X_train = train[features]
X_test  = test[features]


**Linear Regression Model**

A linear regression model is trained to predict Apple’s daily returns.

In [None]:
from sklearn.linear_model import LinearRegression
from sklearn.metrics import mean_absolute_error, r2_score

y_train = train["Apple_Return"]
y_test  = test["Apple_Return"]

lr = LinearRegression()
lr.fit(X_train, y_train)

pred = lr.predict(X_test)

print("Apple Return Prediction (Linear Regression)")
print("MAE:", mean_absolute_error(y_test, pred))
print("R2 :", r2_score(y_test, pred))


**Section A Results Interpretation**

The typical size of daily forecast mistakes is indicated by the model's Mean Absolute Error (MAE), which is roughly 2-3%.
Daily stock returns are very noisy and challenging to forecast using linear models, according to the negative R2 value. This outcome is in line with financial literature, which acknowledges the difficulty of predicting short-term stock returns.

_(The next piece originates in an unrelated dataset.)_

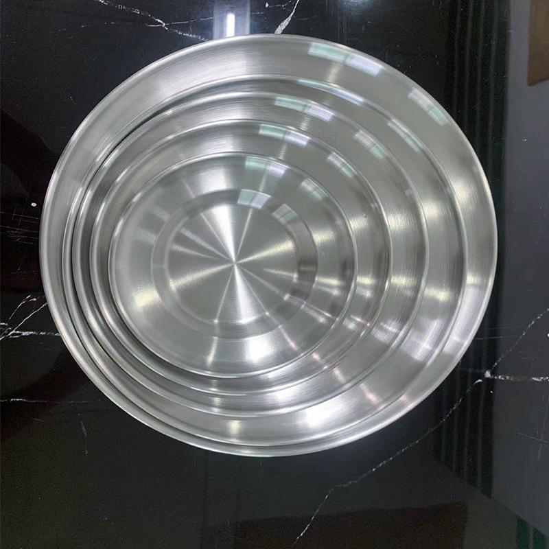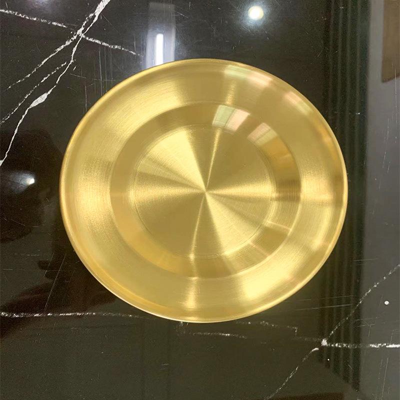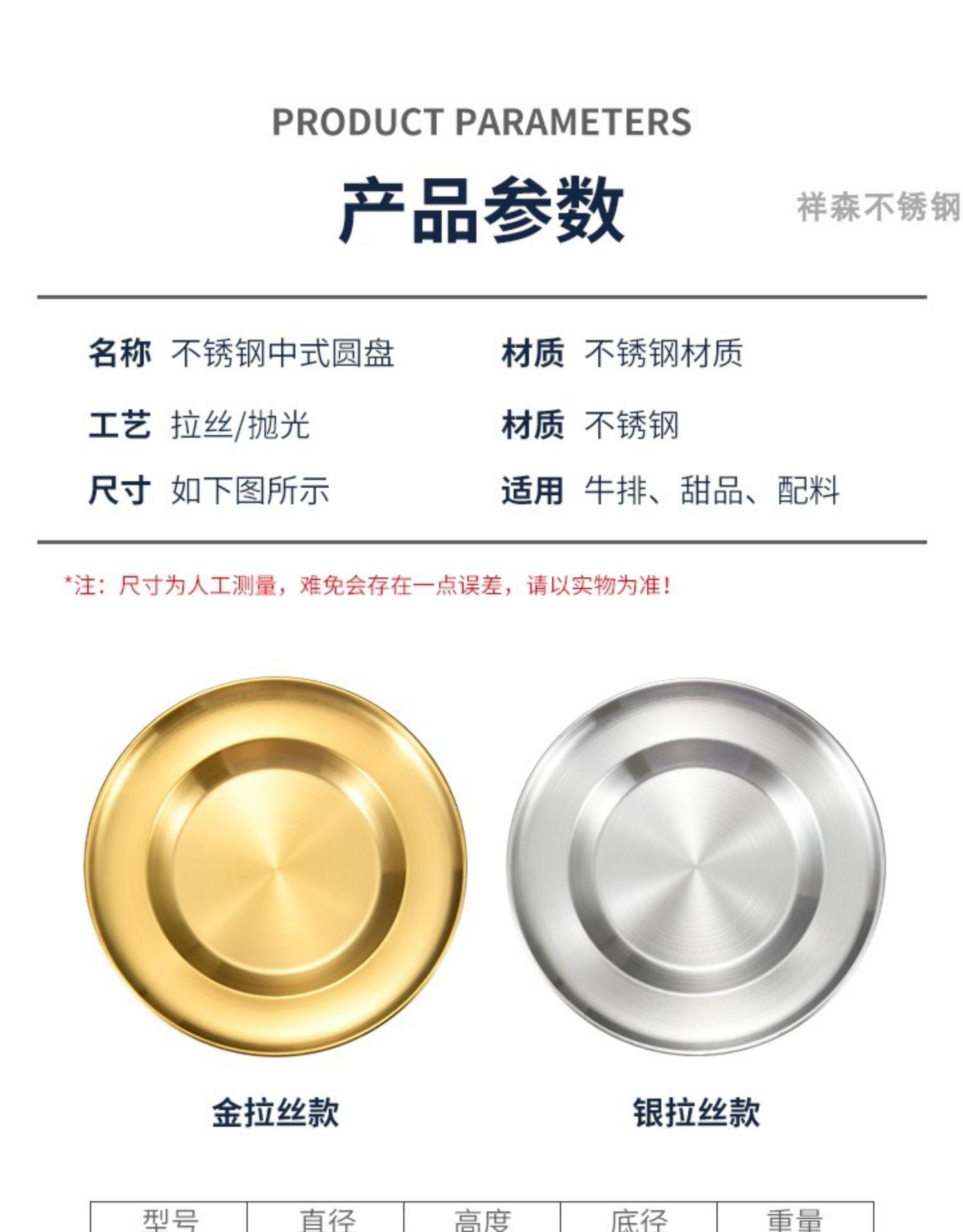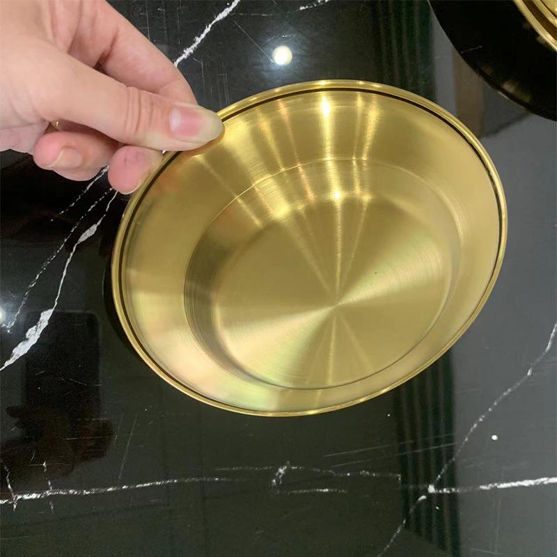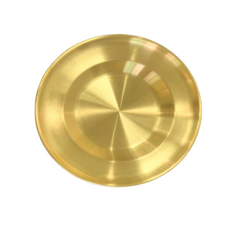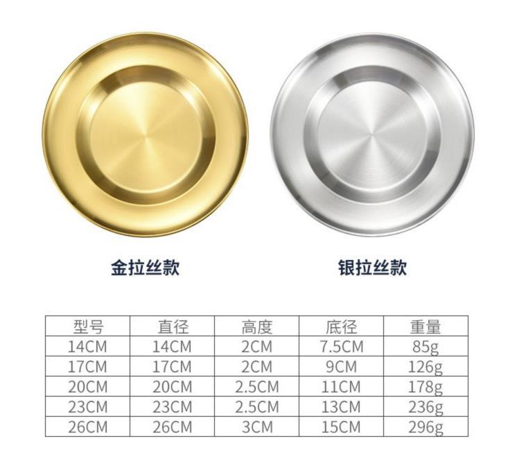 Plato de acero inoxidable estilo coreano, plato grueso para el hogar con fondo claro, bandeja para pastel dorada

Overall, rather than focusing on predicted accuracy, this section illustrates the use of machine learning approaches, feature engineering, and appropriate out-of-sample evaluation.

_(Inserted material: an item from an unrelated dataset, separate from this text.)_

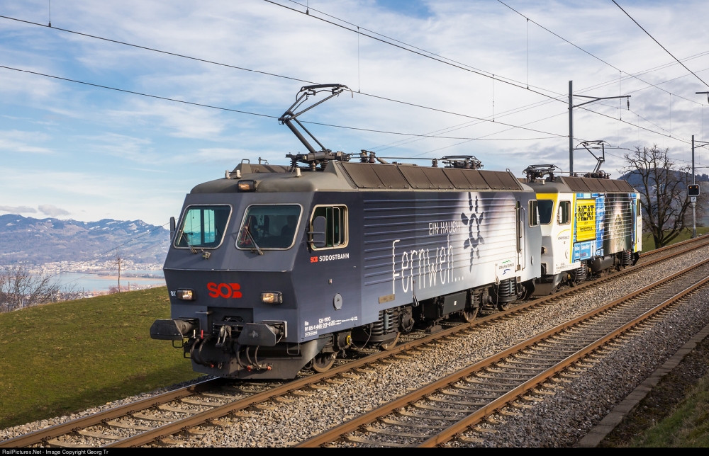 Nella foto seguente, il 31 gennaio 2020, le ex locomotive della Südostbahn Re 446 n. 017 (con la livrea pubblicitaria Voralpen-Express "Ein Hauch Fernweh...") e n. 015 (con la livrea pubblicitaria per la mostra NEAT presso il Museo Svizzero dei Trasporti di Lucerna) sono state consegnate al nuovo proprietario, la Eisenbahndienstleister GmbH (EDG). Le locomotive sono impegnate in una corsa di collaudo da Samstagern a Biberbrugg e ritorno, sulla pendenza del 5% tra Schindellegi-Feusisberg e Samstagern, con il lago di Zurigo sullo sfondo.

**B) APPLE RETURN PREDICTION (Random Forest)**

In [13]:
from sklearn.ensemble import RandomForestRegressor

rf = RandomForestRegressor(
    n_estimators=200,
    max_depth=5,
    random_state=42
)

rf.fit(X_train, y_train)

rf_pred = rf.predict(X_test)

print("Apple Return Prediction (Random Forest)")
print("MAE:", mean_absolute_error(y_test, rf_pred))
print("R2 :", r2_score(y_test, rf_pred))


Apple Return Prediction (Random Forest)
MAE: 0.0259601157224783
R2 : -0.2558433359122807


**Model Comparison**

To capture possible non-linear correlations, a Random Forest model was used in addition to linear regression.
The noisy character of daily stock returns is shown by the Random Forest model's low predictive accuracy, despite a minor improvement in flexibility.
As required by the milestone, this comparison illustrates the application of many machine learning techniques.